Regional Banks See Fight for Deposits Squeezing Loan Revenue

A swath of regional banks said they expect to earn less from their loan businesses this year after the biggest bout of industry turmoil in more than a decade slammed smaller US lenders.

(Bloomberg) — A swath of regional banks said they expect to earn less from their loan businesses this year after the biggest bout of industry turmoil in more than a decade slammed smaller US lenders.

KeyCorp and Fifth Third Bancorp were among those that cut their outlooks for net interest income as they spend more to attract and retain deposits, prompting shares of both banks to slide. At Zions Bancorp, the outlook was lower than expected, with analysts including DA Davidson’s Peter Winter cutting share-price targets in response.

The announcements contributed to a drop in regional-bank stocks, with Zions down as much as 7%.

Still, firms including Fifth Third and Truist Financial Corp. showed that the quarter’s most closely watched gauge — deposit levels — largely held steady during a period in which customer withdrawals contributed to the collapse of three of their competitors. None of the midsize banks that reported results so far unveiled new deals with investors to bolster their balance sheets, as some felt compelled to do in March.

“The acute crisis is behind us, so we’re not expecting any additional bank failures,” Wedbush analyst David Chiaverini said. “That said, there are several headwinds facing the banks in coming months, including higher funding costs and slowing loan growth, and looking out to next year should lead to higher credit costs as the economy slows or enters recession.”

Results from First Republic Bank, which was rescued at least temporarily by a consortium of 11 banks last month, won’t arrive until Monday. 

What is clear is that the same interest-rate hikes that led to the March turmoil are going to eat into bank profits for the rest of the year. Huntington Bancshares Inc. was also among banks that lowered outlooks for net interest income in 2023.

NII tracks how much a bank makes on loans and other interest-bearing assets after subtracting what it pays out on deposits and other interest-bearing liabilities.
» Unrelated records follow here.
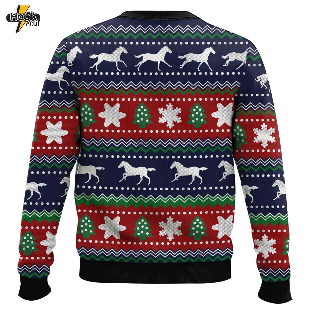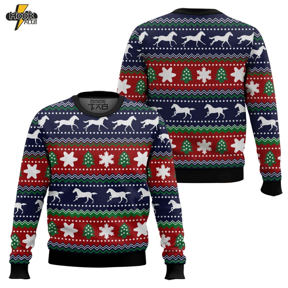 Hooktab Horses Pattern Ugly Christmas Sweater
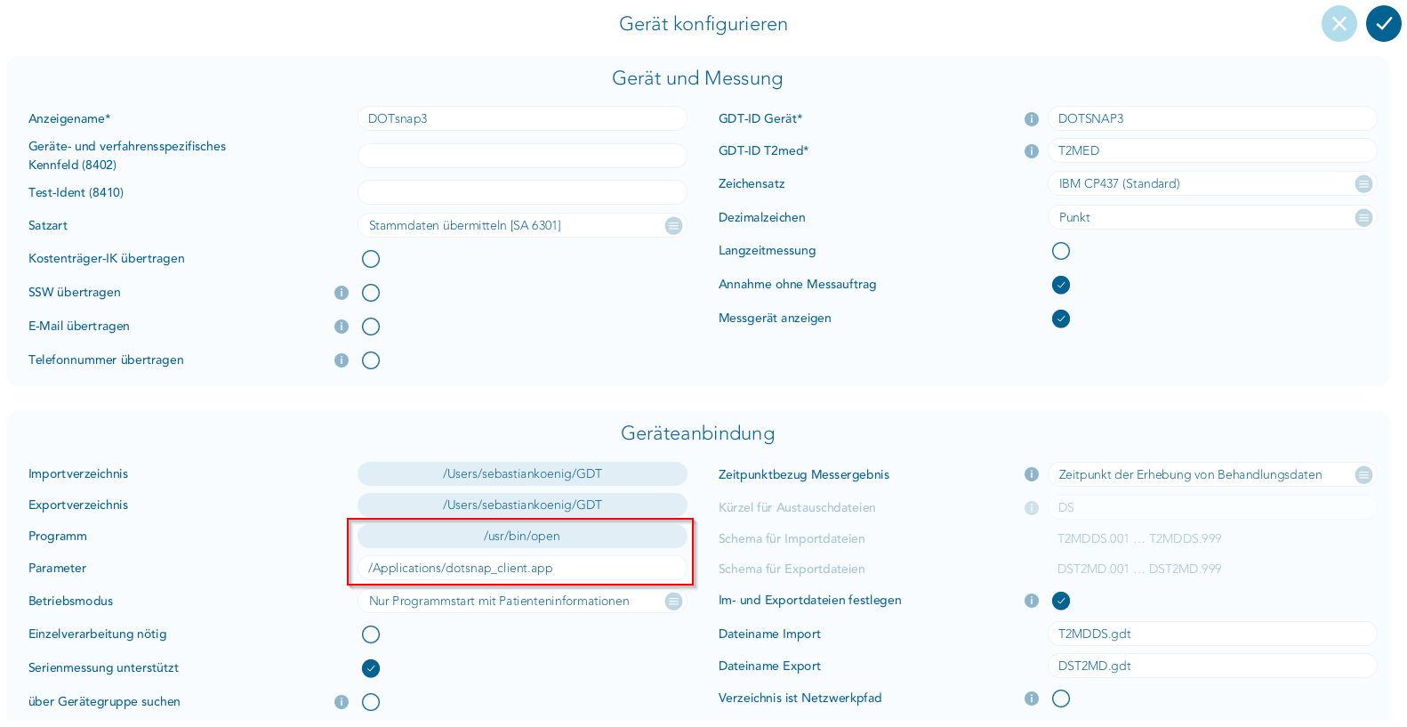 Besonders bei dieser Anbindungsart empfehlen wir dringend, die Übertragung gründlich zu testen. Denn falls das Gerät falsch oder unzureichend konfiguriert ist, könnten Fehler während des Importvorgangs auftreten und die Daten somit nicht / nicht vollständig importiert werden!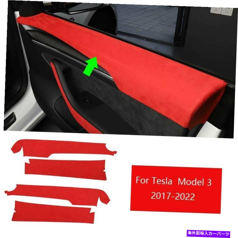Dashboard Cover テスラモデル3 2017-2022レッドスタイルアルカンタラインナードアパネルストリップトリム4PCS For Tesla Model 3 2017-2022 Red Style Alcantara Inner Door Panel Strip Trim 4pcs

Corporations and consumers are opting to park funds in higher-returning vehicles, including money market funds, rather than lower-yielding bank accounts, forcing lenders to compete more for those funds.

For 2023, changes to NII forecasts include:

Zions predicted “moderately decreasing” NII, after previously forecasting it would increase.
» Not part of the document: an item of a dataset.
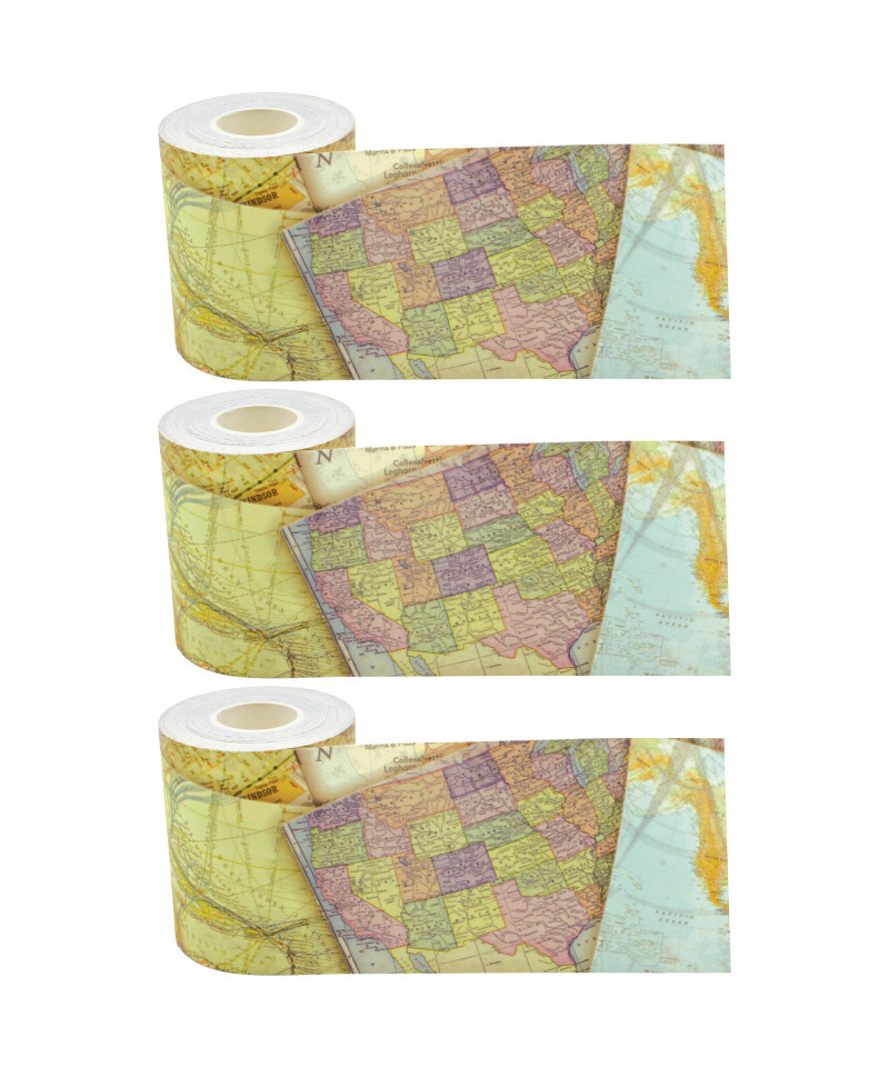 Teacher Created Resources® Travel the Map Straight Rolled Border Trim, 50 Feet Per Roll, Pack of 3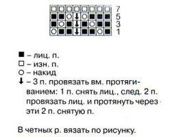 Наберите сто сорок шесть петелек и вяжите узор по указанной схеме. Высоту вяжут с первой по тридцать четвертую полосу, а потом повторяют с 27 р. по 34 р. Чередование делайте так, как указано на рисунке. Когда высота изделия будет семнадцать сантиметров от кромки, делайте уменьшения звеньев по десять штук в каждом втором ряду. Достигнув высоты 23 см, провяжите от начала линии и до конца по две совместные петельки. Те звенья, которые остались на спице, стяните в пучок. Заключительный шов выполняется на затылке. Ни одни зимние вещи не могут обойтись без такой замечательной детской шапки.

“All banks probably underestimated the deposit betas,” said Citizens Financial Group Inc. Chief Executive Officer Bruce Van Saun, referring to the rate banks pay on deposits. “Before we had the turmoil with the bank failures, it was already clear that there was more rate sensitivity on the part of depositors who saw where rates had moved to and had alternatives.” 
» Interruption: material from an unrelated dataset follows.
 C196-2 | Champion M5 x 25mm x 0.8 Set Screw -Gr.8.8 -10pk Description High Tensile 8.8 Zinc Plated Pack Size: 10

Higher interest rates typically help banks by juicing the profitability of lending, with the benefit of higher rates passed along to clients at a lag. But the pace of the Federal Reserve’s increases has pressured banks, forcing them to pay up more on their short-term borrowing while also eroding the value of their securities portfolios.

Those portfolios typically serve as a backup source of liquidity for banks, but the unrealized losses have made it harder to turn them back into cash without taking a hit in times of heavy withdrawals, as selling at a loss eats into capital. That’s what ended up pushing cryptocurrency-friendly Silvergate Capital Corp. to voluntarily liquidate, and led to bank runs at Signature Bank and SVB Financial Group’s Silicon Valley Bank.

Those collapses pushed the Fed to create a facility that allows banks to post underwater bonds as collateral and borrow against them at face value. While support from the central bank may provide firms with the liquidity they need for now, it won’t be able to salvage profits weighed down by the rate environment.

“The fact that they have reasonable earnings, I don’t find that terribly informing,” said Michael Roberts, a finance professor at the University of Pennsylvania’s Wharton School. Balance sheets will instead be more informative, he said, because they could show whether regional banks can stomach outflows in coming quarters. “As they have deposit withdrawals, that’s going to put pressure on the asset side of the balance sheet.”